# Reusing Pretrained Layers

It is not good to train a DNN from scratch, instead use lower layers pretrained architectures from a similar task. This technique is called *transfer learning*. It requires less data and less time to train.

The input shape must be same as original model input shape, if yours is different then you can add preprocessing step to resize inputs.

The output layer is replaced as it is most likely not be useful. Similarly, the upper hidden layers are less likely to be useful, since the high level features are most important for the new task. You need to find right number of layers to reuse. 

> The more similar the tasks are, the more layers from original model you should reuse.

First, you start with freezing (make non-trainable) changing output layer. Then you can start unfreezing upper layers and see model's performance. The more training data you have, more layers you can unfreeze. It is also useful to reduce learning rate when you unfreeze reused layers: this will avoid wrecking their fine-tuned weights.

You can add your layers or replace top layers if you have enough training data.

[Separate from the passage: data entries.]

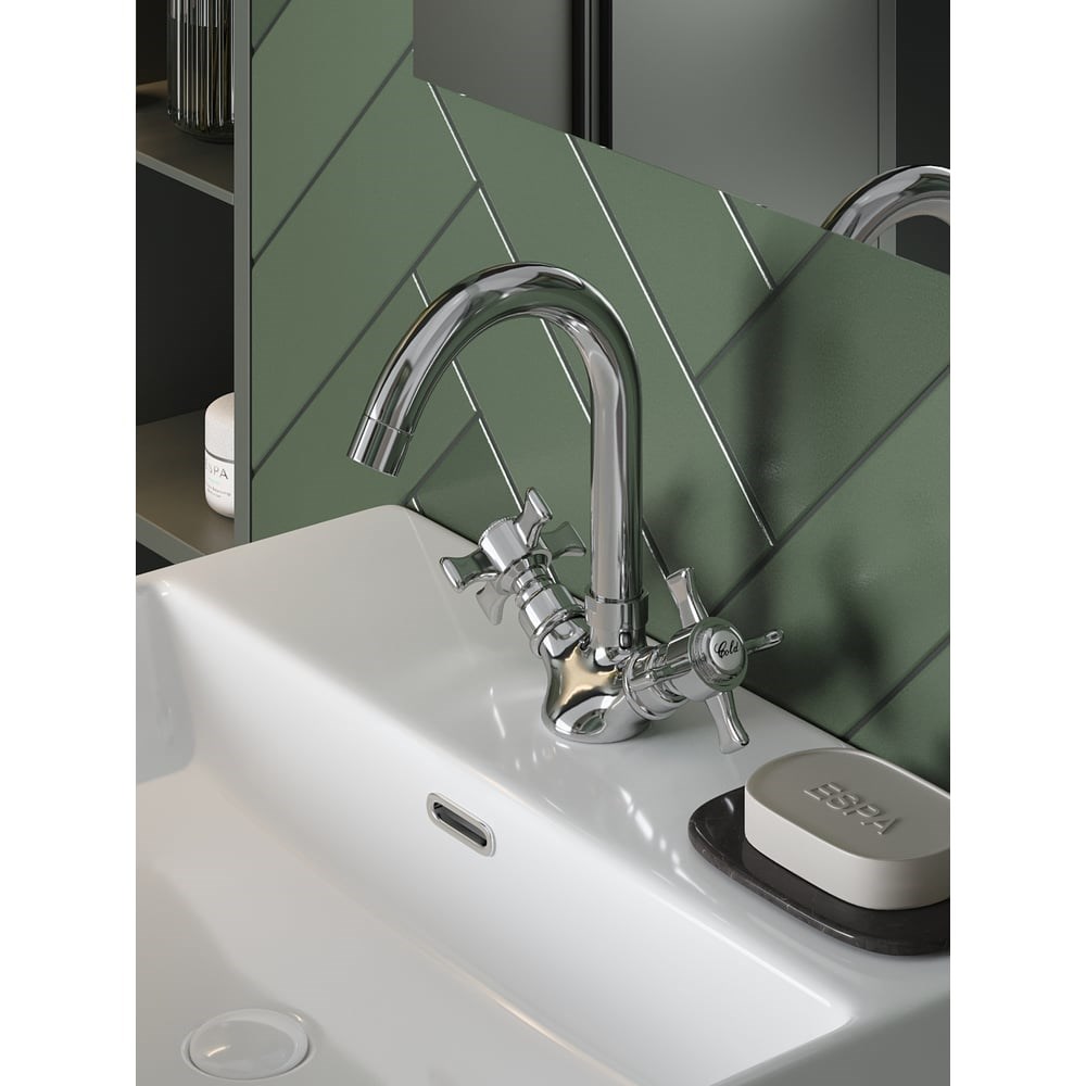 Двухзахватный смеситель для раковины с поворотным изливом Agger Retro-X A1701100 – элегантная классика и безупречное немецкое качество. Высокий поворотный излив удобен для проведения ежедневных процедур. Встроенный аэратор экономит воду, делает струю мягкой и исключает разбрызгивание. Для плавного регулирования напора и температуры воды предусмотрены два надежных вентиля (керамические кран-буксы). Хромовое покрытие, за которым очень просто ухаживать мягкой салфеткой, обеспечивает блеск поверхности на долгие годы.
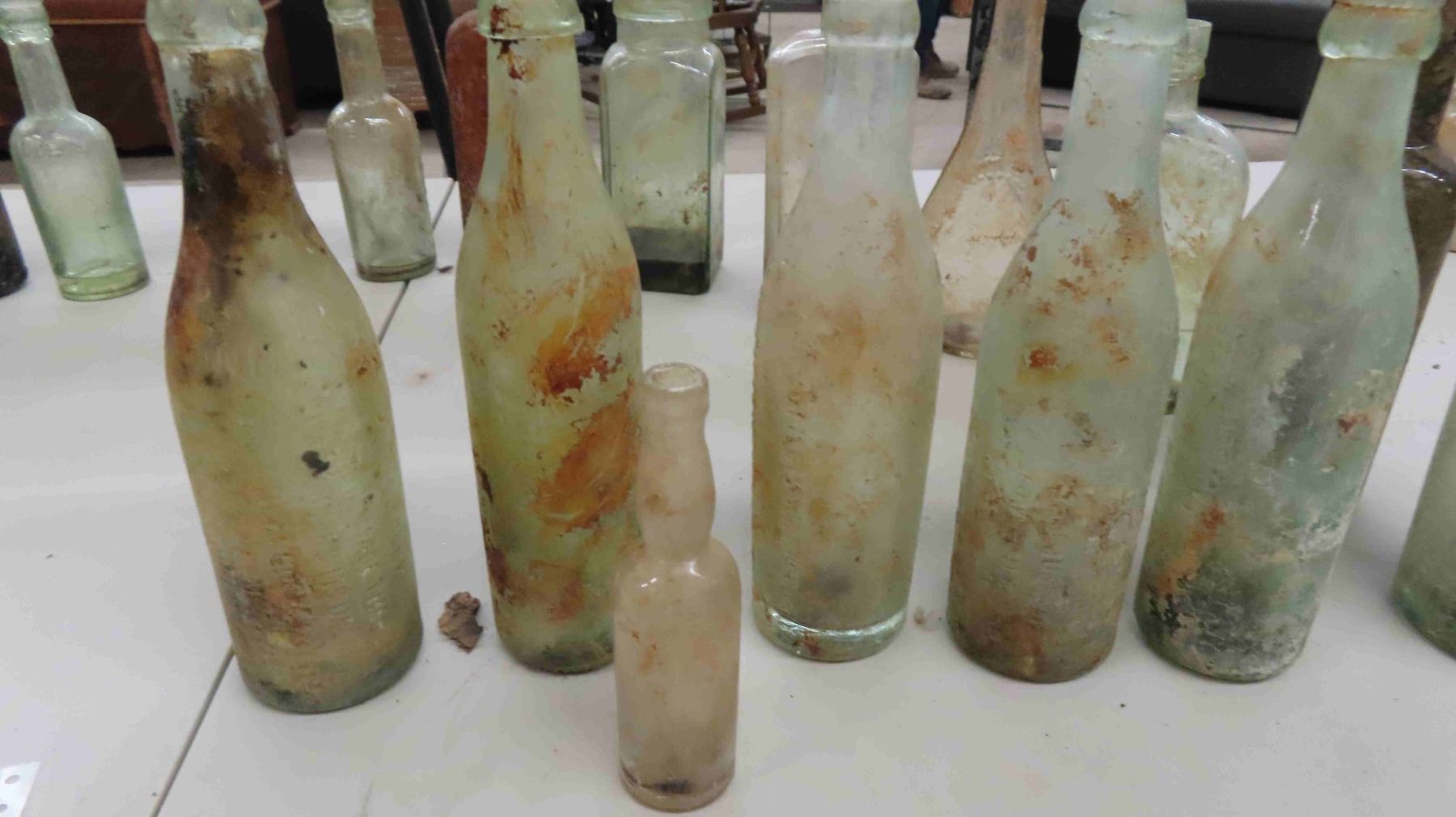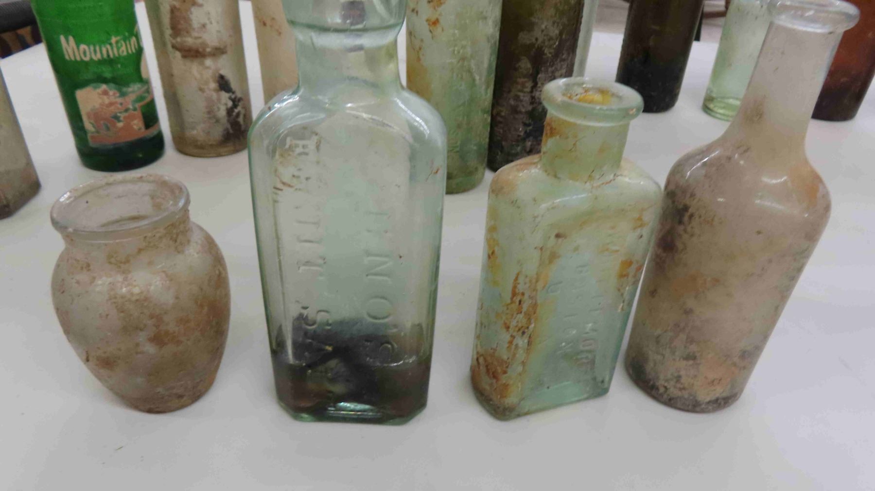 30 Misc. Bottles ; Mountain Dew, Eno's. Fruit Saek, plus many more 100 Years Old, Separate Lips
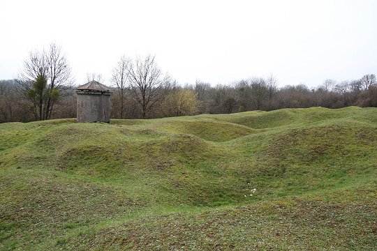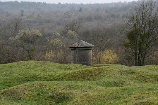 Der Abschnittsunterstand Abri 320 liegt unterhalb des Beinhauses von Douaumont und wurde von den Deutschen irrtümlich M-Raum 372 (Munitionsraum) genannt. Er wurde zwischen 1889 und 1894 aus Bruchsteinmauerwerk in den Felshang gebaut und war für 300 sitzende Soldaten konzipiert. Im Abstand von 30 m befinden sich zwei getrennte Eingänge und zwei Lüftungsschächte. Zwei Treppengänge von ca. 15,00 m Länge führten in den Unterstand, der ungefähr acht Meter unter der Erde lag und als Beschußsicher galt. Eine bauliche Besonderheit ist die doppelte Mauer und Decke in der Unterstandsröhre. Einige Zentimeter abgesetzt von der dicken Außenmauer aus Bruchsteinmauerwerk, hat man eine Ziegelmauer hochgezogen. Diese diente dem Feuchtigkeitsschutz und der Luftzirkulation. Der Abschnittsunterstand war von Drahthindernissen und Laufgräben umgeben. Es existierten vor Verdun insgesamt drei dieser Anlagen in den Festungsbereichen Froideterre, Douaumont und Sartelles-Chana.
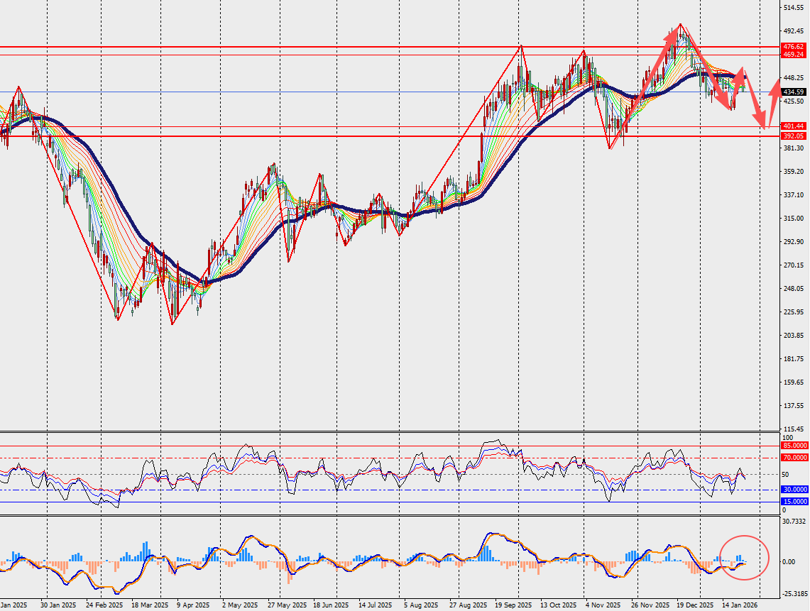 基本面:特斯拉将于周四公布最新季度业绩。该公司持续引发激烈争论,仍然是市场上最具争议、最受关注的股票之一。自2025年4月触底以来,特斯拉股价一直处于强劲上涨趋势。在近期回调之前,其股价已经上涨超过100%。该公司预计,2026 年的资本支出将从 2025 年的约90亿美元大幅增长,主要用于人工智能,包括Optimus机器人项目。
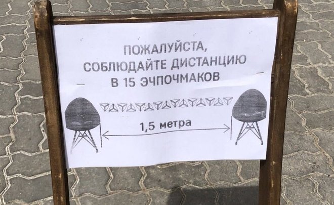В центре Казани одно из заведений удивило пользователей сети своей мерой измерения социальной дистанции, которую необходимо придерживаться во всех общественных местах по требованию Роспотребнадзора. В кафе предлагают посетителям держать между собой дистанцию в 15 эчпочмаках — 1,5 метрах.

## Transfer Learning with Keras

Let's say we use a pretrained model A that is trained on image classification on 10 classes and we want a binary image classification model B.

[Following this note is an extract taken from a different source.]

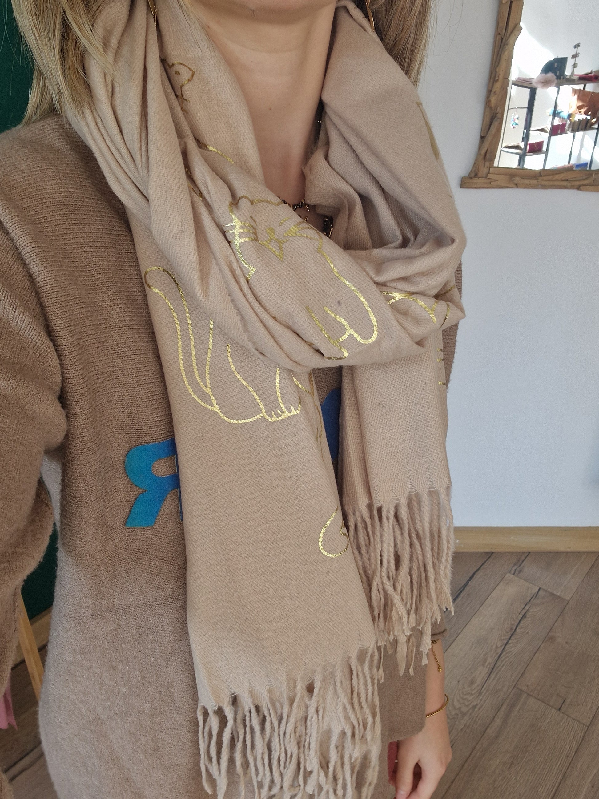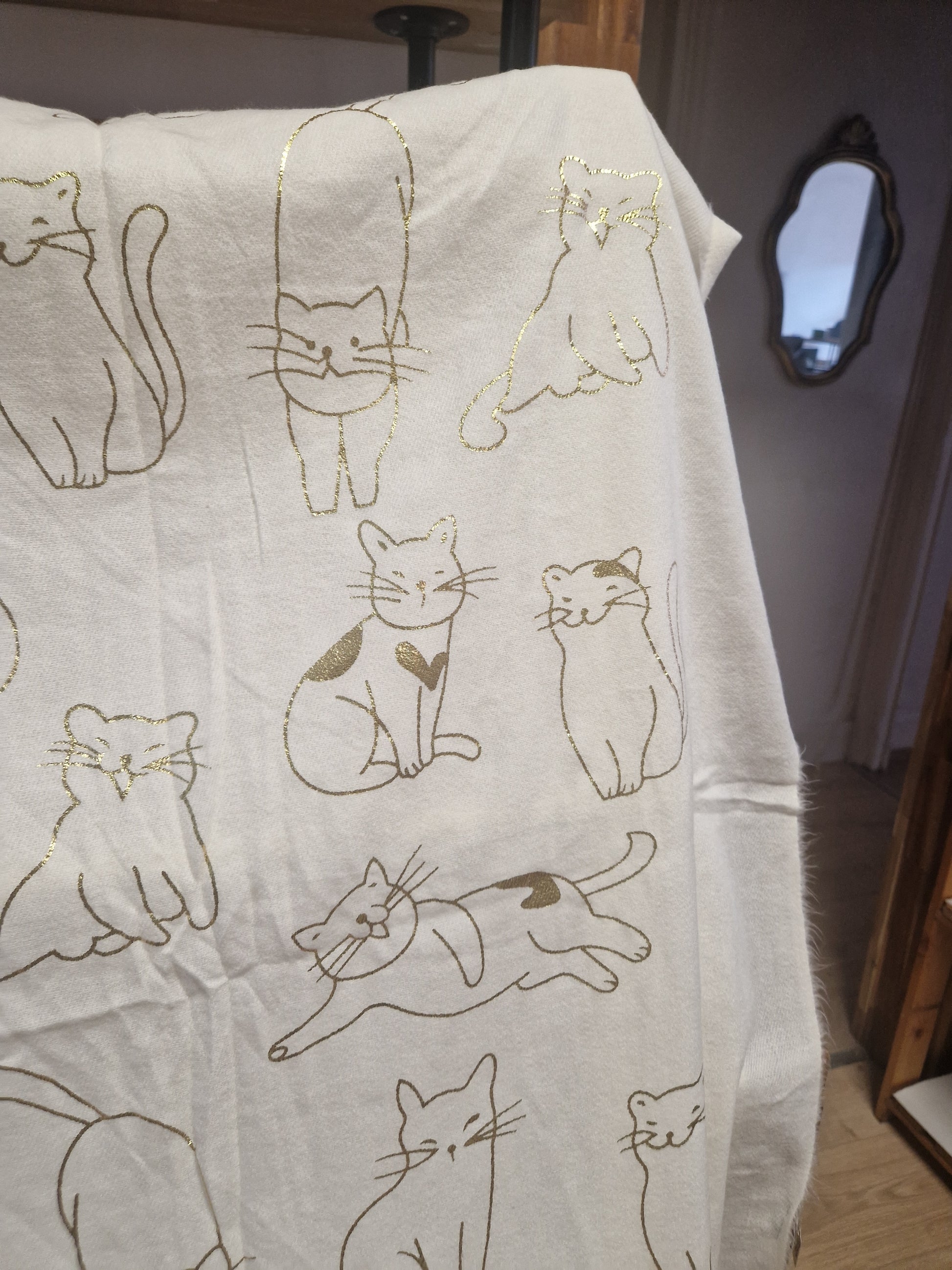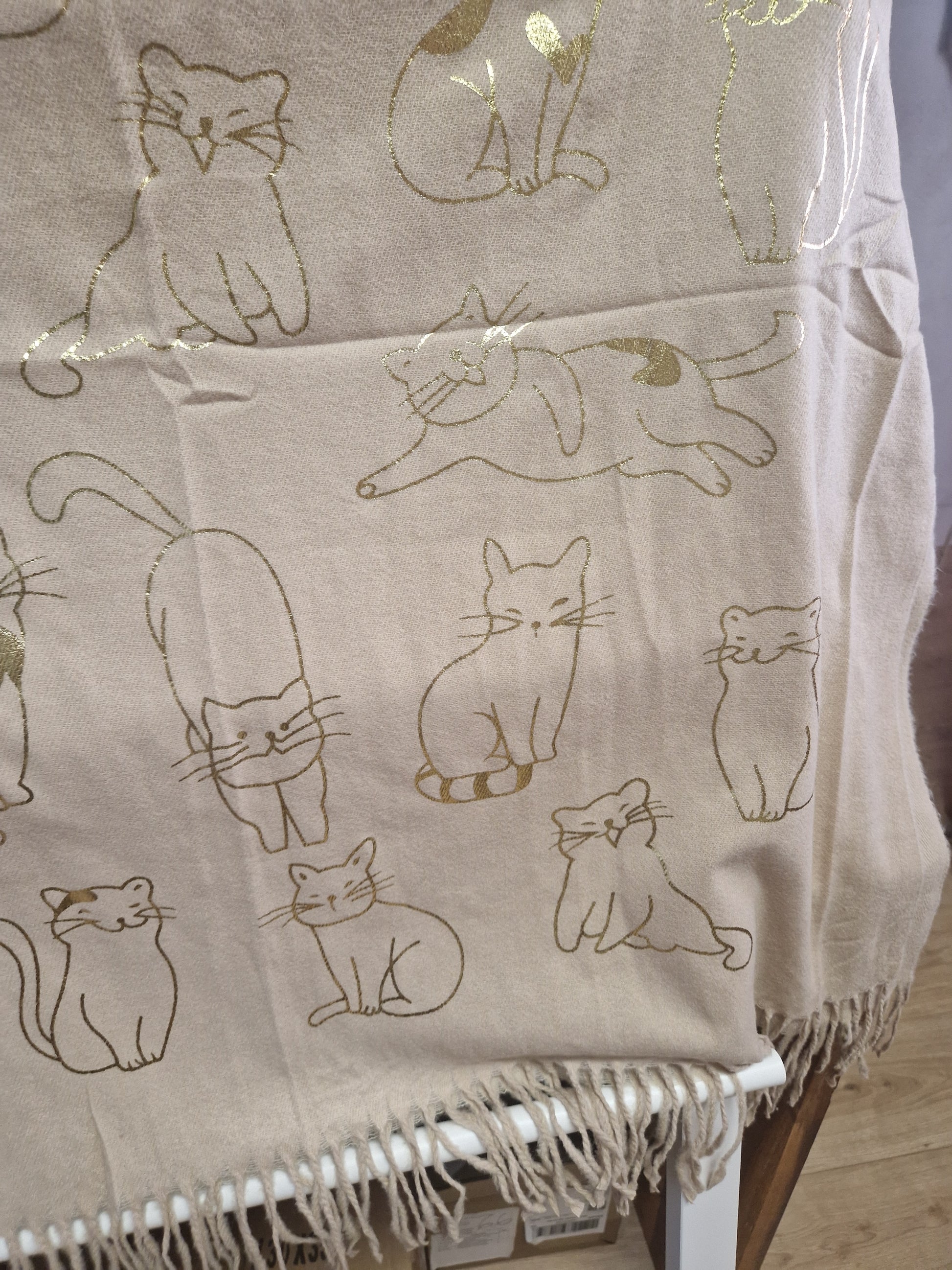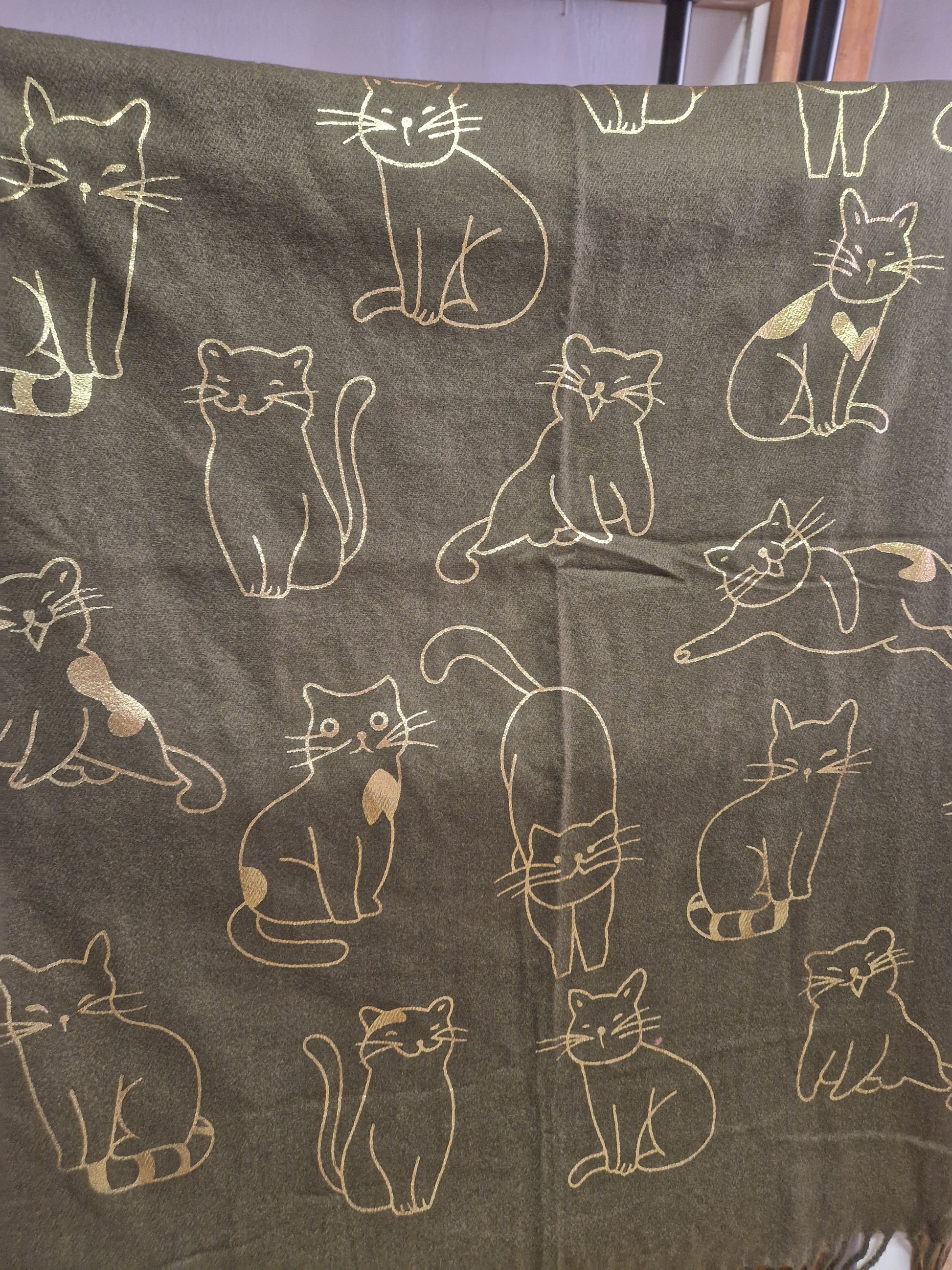Echarpe très douce et chaude, idéale pour les temps froids, avec des motifs chats dorés.

First, you need to load original saved model and create a new model by changing output layer:

```python
model_A = keras.models.load_model('my_model_A.h5')
model_B_on_A = keras.models.Sequential(model_A.layers[:-1])
model_B_on_A.add(keras.layers.Dense(1, activation='sigmoid'))
```

Now when you train model_B_on_A, it will also affect model_A. if you want to avoid that you have to clone model_A and load pretrained weights since `clone_model` only clones architecture:

```python
model_A_clone = keras.models.clone_model(model_A)
model_A_clone.set_weights(model_A.get_weights())
```

Now for freezing layers:

```python
for layer in model_B_on_A.layers[:-1]:
    layer.trainable = False

model_B_on_A.compile(loss='binary_crossentropy', optimizer='sgd')
```

> You must always compile your model after you freeze or unfreeze layers.

One fact, if you want to use all layers with pretrained weights, the output layer's weights are randomly initialized. Hence, at start the error is pretty huge which may wreck pretrained weights. So for few epochs you must freeze pretrained layers, then unfreeze all.

In fact transfer learning does not work well on small dense networks because they learn few patterns. It will be useful in CNNs where they learn the features of images in lower hidden layers.